When my two partners, President Nick Giannotti, and COO Nicole Marandino and I founded New Columbia Solar (NCS) just over three years ago, we had a vision of locals helping locals. Our mission – to make it as easy as humanly possible for D.C. residents and businesses to benefit from solar energy. We became pioneers in how solar is financed for low-income residents through a unique community-focused business model.

Today NCS helps businesses, property owners, schools, non-profits, and District residents significantly reduce energy costs and enhance sustainability through the implementation of solar power. We also have embarked on a public service campaign to educate and inform students and organizations about the impact of climate change and the use of renewable energy.

New Columbia Solar was a key stakeholder in the development and passage of The Clean Energy DC Act which will require DC to transition to 100% clean electricity by 2032. The legislation, first introduced by Ward 3 Councilwoman Mary Cheh and passed with help from Ward 5 Councilman Kenyan McDuffie, is the result of months of collaboration across environmental groups, renewable and fossil energy companies, local businesses, and others.

The Clean Energy DC Act amplifies the initiatives and policies of the last 10 years including the DC Department of Energy and Environment’ s Solar for All program. The expanded use of renewable energy, particularly solar, will stem the impact of climate change on our city and will have numerous benefits for our communities.

Because of the District’s commitment to solar energy, the industry has already produced over 1,530 District-based solar job. Over $200 million of private capital has been invested into solar projects in the city since 2016 alone. According to the Solar Foundation’s 2018 Solar Jobs Census, solar industry jobs are expected to grow by at least 7% this year and solar installations have increased dramatically over the last two years. More than 68 Megawatts of local generating capacity has been installed here in our District. As a result, local companies like NCS are growing. NCS started with three employees in 2016 and has grown to 40 employees spanning across all eight Wards.
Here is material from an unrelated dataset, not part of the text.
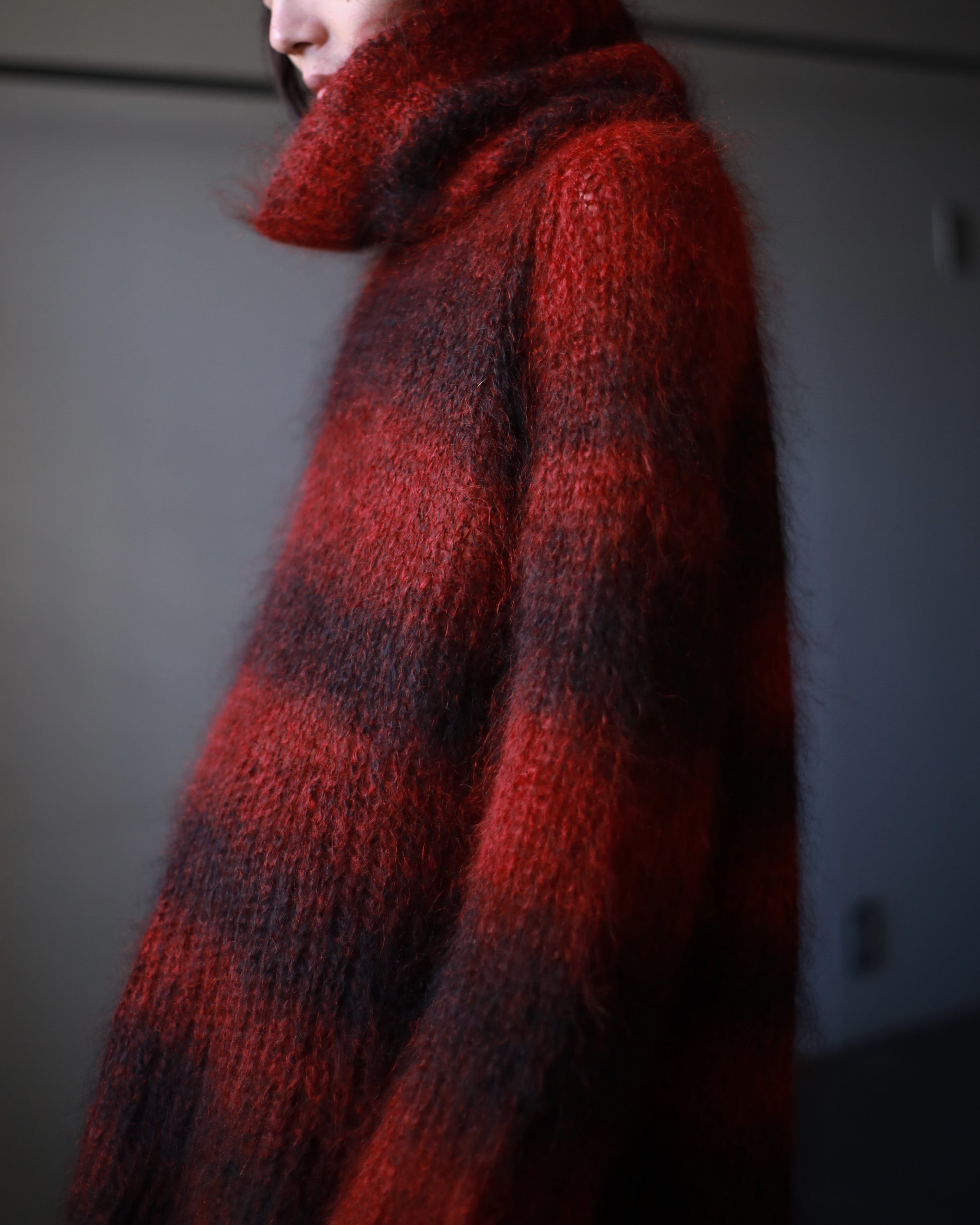 1990s "moke moke" mohair gradation oversized turquoise neck knit

Renewable energy will aid our city’s ongoing struggle to maintain affordable housing by directly reducing the energy burden for our most vulnerable residents. We strengthen our communities by expanding access to renewable energy and increasing job and educational opportunities.

Recently, New Columbia Solar completed our eleventh Ward 8 solar project at Altamont Condominiums. The residents received a new roof completely paid for by New Columbia Solar as part of the solar installation. They will also benefit directly from the electricity the solar panels deliver for the next twenty years. Additionally, NCS’s Ward 5 solar project at Celestial Church of Christ was installed at no cost to the church and now powers 29 homes in the community. This is a premier example of how electricity generated from local solar systems is directly benefiting District residents.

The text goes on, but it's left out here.